Именно эта мысль вдруг всколыхнула сознание, заставила тряхнуть головой, начать шевелиться. Правда, позже, вспоминая себя в тот момент, он усмехался: нет, всё было не так пафосно. Мысль «за что, за что» была, но не это заставило подхватиться, а резь в животе, требовавшая облегчиться. Пружиной он вскочил с места, и его тут же качнуло влево и пришлось опереться в плечо Чугреева. А когда дёрнулся в сторону от мёртвого тела, резко завалило и ударило о закрытую дверцу. В остервенении он дергал и дергал её, железную, скользкую, холодную, и когда она, наконец, поддалась, выпал из автобуса на траву, больно стукнувшись о каменистую землю. И сразу будто кипятком ошпарило, настолько был холодным утренний воздух.
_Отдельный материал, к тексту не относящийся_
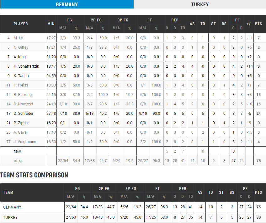 Avec deux tirs à trois points consécutifs signé Muhammed et Omsan, la Turquie a mis un coup aux espoirs allemands, qui accusaient encore 18 points de retard à 6 minutes du buzzer. On pensait le match plié mais les locaux n’ont pas baissé les bras et ils ont surtout enfin trouver la mire à trois points par Schaffartzik et Schröder pour lancer un 14-3 qui les a mis à seulement 6 points à 1’50 de la fin. Pleiss a même eu un ballon pour revenir à moins 4 mais il a échoué et la Turquie a géré tranquillement la dernière minute.

Ничего не видя перед собой, он, упёршись лбом в запылённый бок машины, дёрнул молнию и… И не скоро отделился от колеса. А потом, отойдя на три шага, замер и прислушался, но ни посторонних звуков, ни гудения моторов, ни лязганья затворов, ни лая собак — ничего! Только мошкара тонко зудела над головой. И в мутном утреннем свете постепенно проступили мелкие подробности: жухлая трава, обрывок веревки, зажигалка у дерева, мокрое колесо и высокая каменная стена справа. И, зачем-то пригнувшись, он обогнул автобус, прикрытый сверху тёмными ветвями, и понял: машина стоит между одинокой скалой и подножием огромной горы, или как это здесь называется? Идти и осматривать окрестности не хотелось, он и так знал: за деревьями рыжая степь, он недавно так ясно видел её во сне. Только что делать с этим знанием, он не знал. И всё ходил и ходил, продрогший, вокруг автобуса, и облачко гнуса перемещалось за ним.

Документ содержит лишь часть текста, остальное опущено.